Here’s the thing, dear readers. We love you, we really love you. But sometimes, you get a little worked up about some of our posts and say things that are mean or hurtful. In an effort to make the comments threads attached to our posts more civil, we have decided to debut a strict and clear commenting policy that applies to all posts on this site. It is printed in full below. We have also created a dedicated page where you can see it at any time, which you can access from the top of any page on this site.
The Thrill, like any blog, encourages its readers to utilize the commenting function to discuss or criticize posts. For the most part, we trust that the intelligence of the Kenyon community will prevail, but we know that the comments section can become the WordPress equivalent of an allstu war. The following types of comments will be moderated:
- Comments that are libelous. In other words, don’t make untrue statements about people who are still alive.
- Comments that use excessive profanity or expletives. As a general rule, if your profanity overwhelms your point, you’ll get moderated.
- Comments that direct a personal attack on another person on campus.

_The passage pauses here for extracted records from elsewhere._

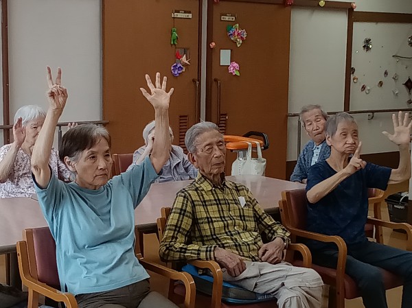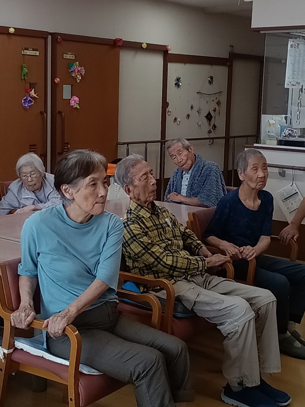本日はリモート体操の風景をお送りいたします(*'▽')皆様の頑張っている姿見ていると真剣さが伝わり本当に応援したくなります。実を言いますとご入居者様は1日2~3回ALSOK体操を行ってるせいか以外とスタッフより足が上がっていたり股関節も柔らかく一緒に参加するとビックリΣ(゚Д゚ いたします。(笑)
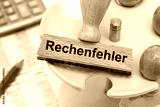 Ein Holzstempel ist beschriftet mit dem Aufdruck Rechenfehler als Symbolbild für eine Falschberechnung in der Kalkulation der Finanzen
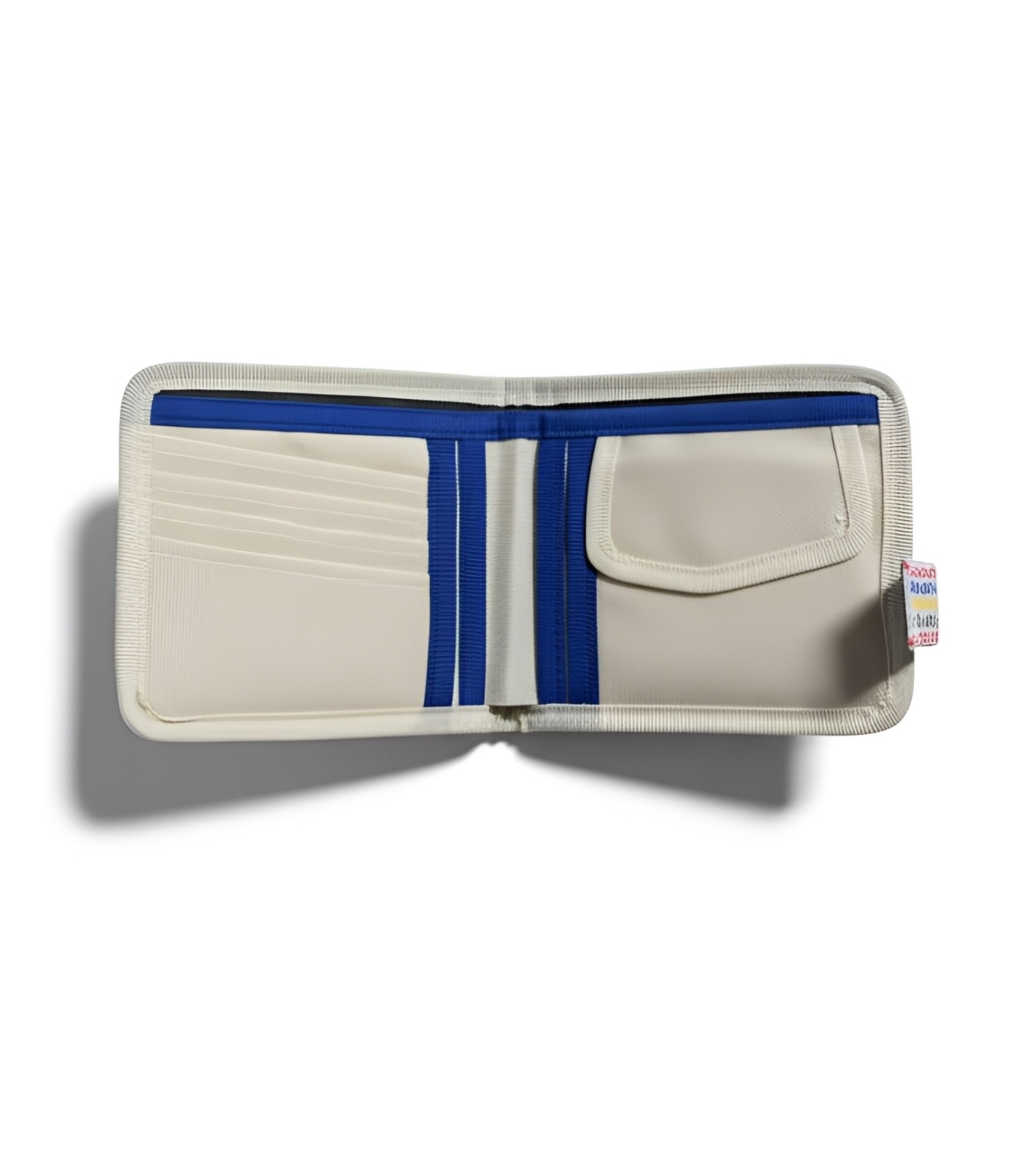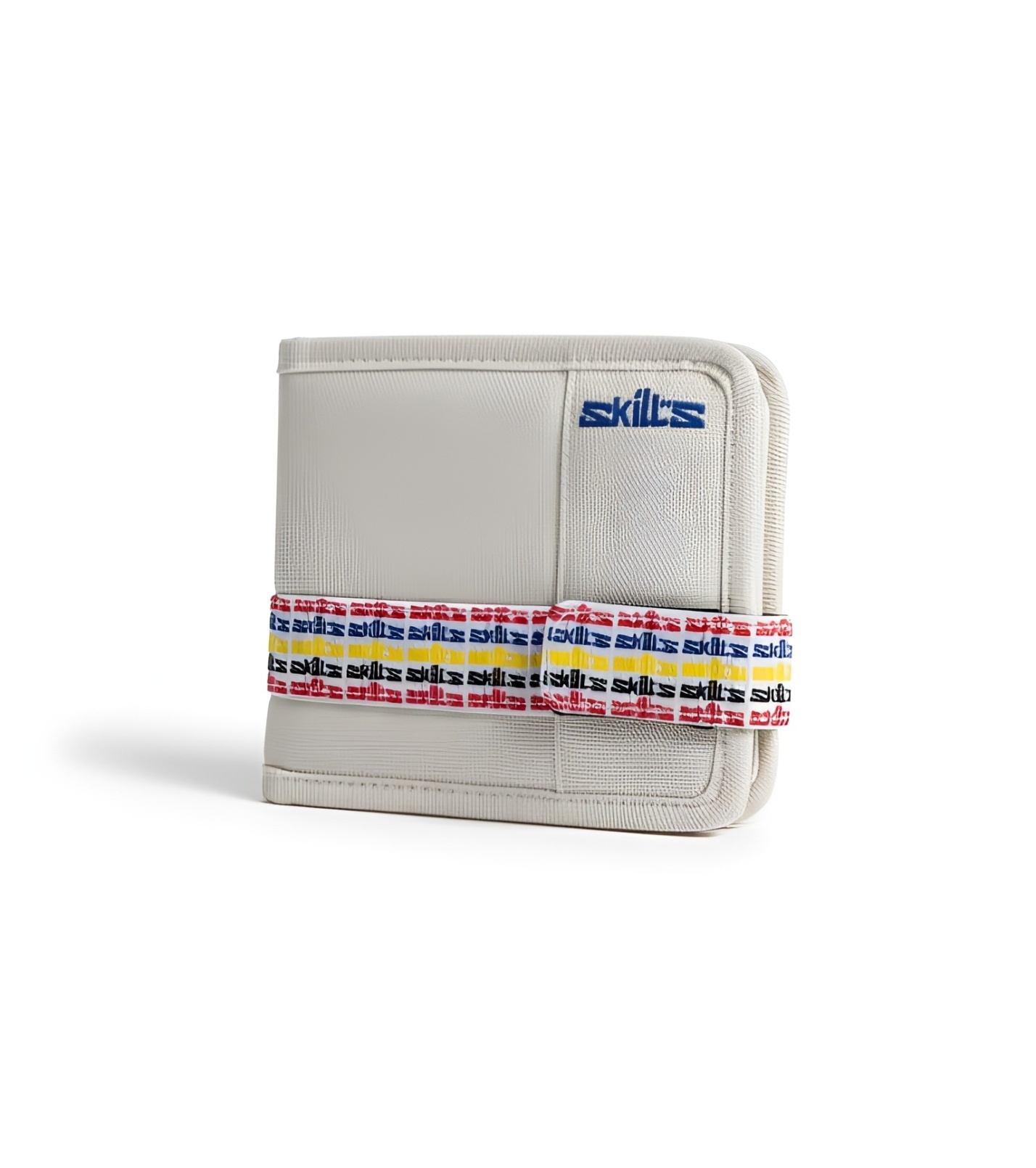 Minimalistická peňaženka s farebnými nápismi Skill's. Vnútri má 4 priehradky na karty, 1 na bankovky a 1 zapínaciu na drobné.
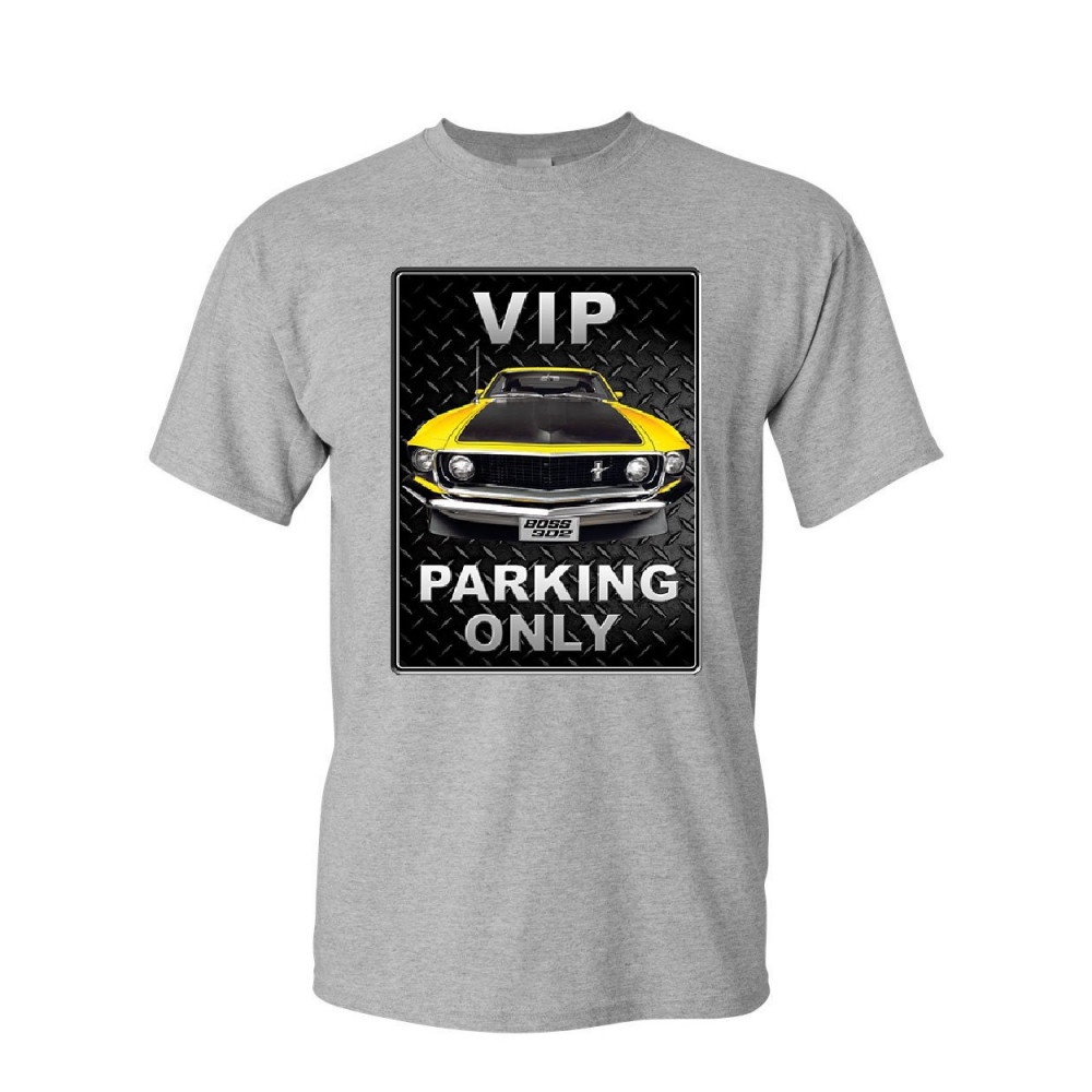 VIP PARKING ONLY ford mustang t-shirt yellow boss 302 muscle car mens tee shirt sport gray
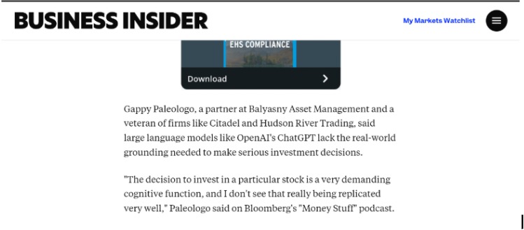Critics within the investment community consistently emphasize the structural limits of AI-driven investing. Experienced market professionals argue that while models like ChatGPT can process language and summarize information, they cannot replicate the nuanced judgment required for real-world capital allocation.
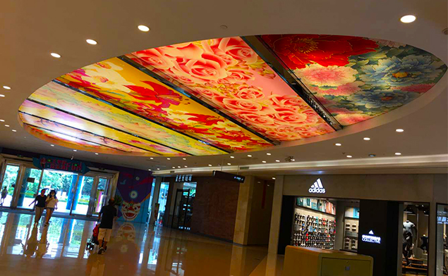卡布軟膜燈箱不僅限于室內壁掛式或是立式的廣告,也不限于正正規規的長方形或正方形,像這種商業類的天花軟膜燈箱現在也是裝飾裝潢的新形勢,特別創意的廣告可以快速吸引消費者眼球.
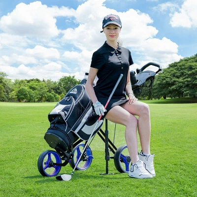This is our new foldable 3 wheel golf trolley with a seat, which is perfect for golf exercising and resting. It allows you to transport golf to clubs or golf courses. Foldable design with 3 removable wheels enhances effortless mobility and storage. Welcome! High quality with competitive price can be realized here!
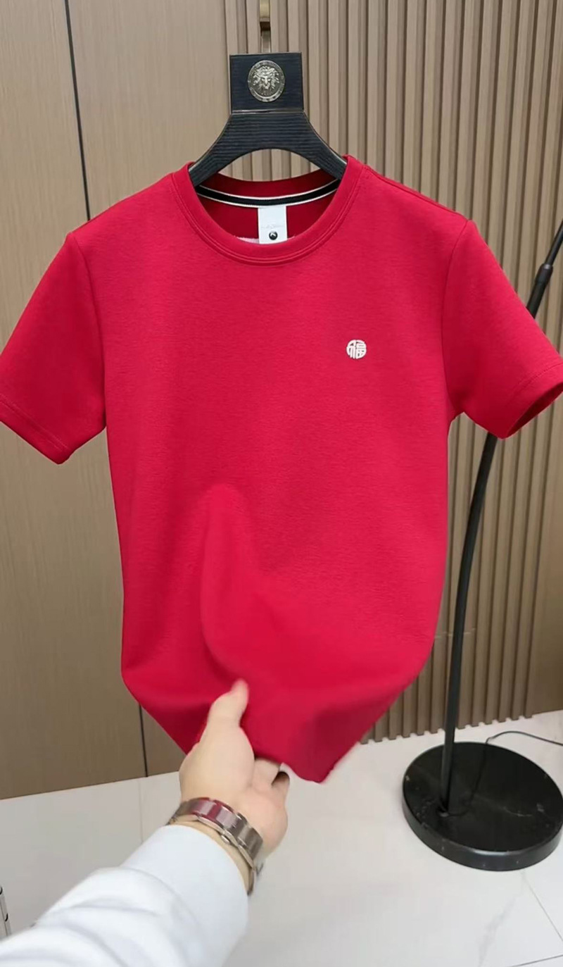 2025 봄과 여름 새로운 남자 올매치 두꺼운 반팔 티셔츠 탑 반소매 단순 포춘 스타일 슬림 핏스토어 가기
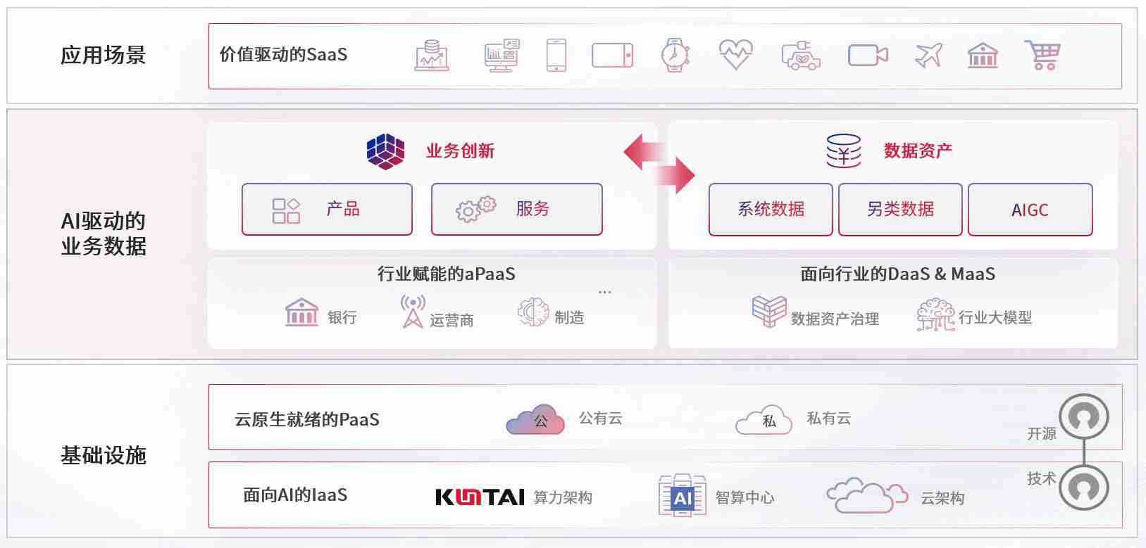 数字时代,,围绕企业数字化转型的关键要素,,,,壹号娱乐数码开创性的提出数云融合战略和技术体系框架,,,,着力在云原生、、数字原生、、、、AI原生和信创产业上架构产品和服务能力,,为处在不同数字化转型阶段的快消零售、、、、汽车、、、、金融、、医疗、、、政企、、教育、、、、运营商等行业客户提供泛在的敏捷IT能力和融合的数据驱动能力,,,构建跨界融合创新的数字业务场景和新业务模式,,,,助力企业级客户建立面向未来的核心能力和竞争优势,,,全面推动社会的数字化、、智能化转型升级。。

Ad hominem attacks on members of the Kenyon community, even if they are not technically libelous, will be reviewed and almost always moderated. Attacking the author of the post is more acceptable, as long as your attacks have to do with the contents of said post, not the writer’s personal life or character.
- Comments that constitute only self-promotion. No spam or ads.
- Comments that are discriminatory. Any comment that maligns people of a certain gender, sexual orientation or socioeconomic background or any racial, ethnic or religious groups will be moderated immediately, as will comments that include discriminatory statements against persons with disabilities.
We reserve the right to moderate any comments we deem inappropriate, but will mostly moderate comments that fit into the above categories.
Moderating is not the same as deleting, because we don’t want to give the impression that the offensive comment never existed. When a comment is moderated, an editor replaces the offending content with a note explaining the reason behind the moderation, such as “This comment has been moderated for excessively vulgar language.”